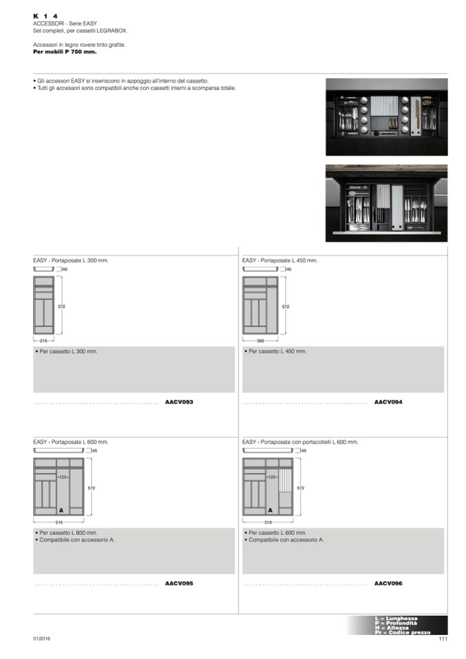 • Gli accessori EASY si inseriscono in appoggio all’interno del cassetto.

---

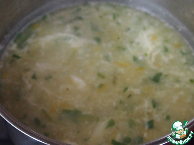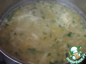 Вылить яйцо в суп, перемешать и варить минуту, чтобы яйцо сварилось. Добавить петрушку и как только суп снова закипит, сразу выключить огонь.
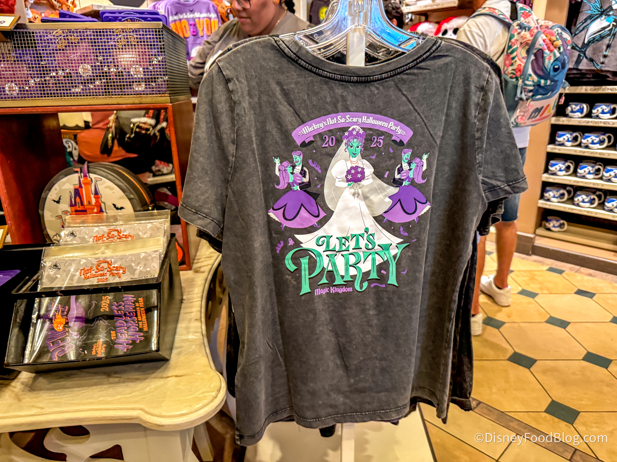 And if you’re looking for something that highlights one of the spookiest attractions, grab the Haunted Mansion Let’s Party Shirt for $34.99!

---

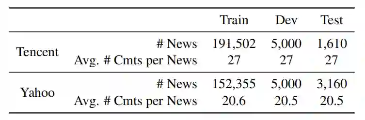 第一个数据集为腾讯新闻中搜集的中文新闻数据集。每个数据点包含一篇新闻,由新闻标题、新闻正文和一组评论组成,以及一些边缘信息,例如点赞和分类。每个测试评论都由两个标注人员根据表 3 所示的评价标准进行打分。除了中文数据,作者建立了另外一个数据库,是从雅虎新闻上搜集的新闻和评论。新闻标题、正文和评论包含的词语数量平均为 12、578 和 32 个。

Work to be completed:
Line for line, output the entries above from the line with "Вылить яйцо в" to the line with "And if you’re", both included, and nothing more. Skip pictures.

Result of this exercise:
 Вылить яйцо в суп, перемешать и варить минуту, чтобы яйцо сварилось. Добавить петрушку и как только суп снова закипит, сразу выключить огонь.
 And if you’re looking for something that highlights one of the spookiest attractions, grab the Haunted Mansion Let’s Party Shirt for $34.99!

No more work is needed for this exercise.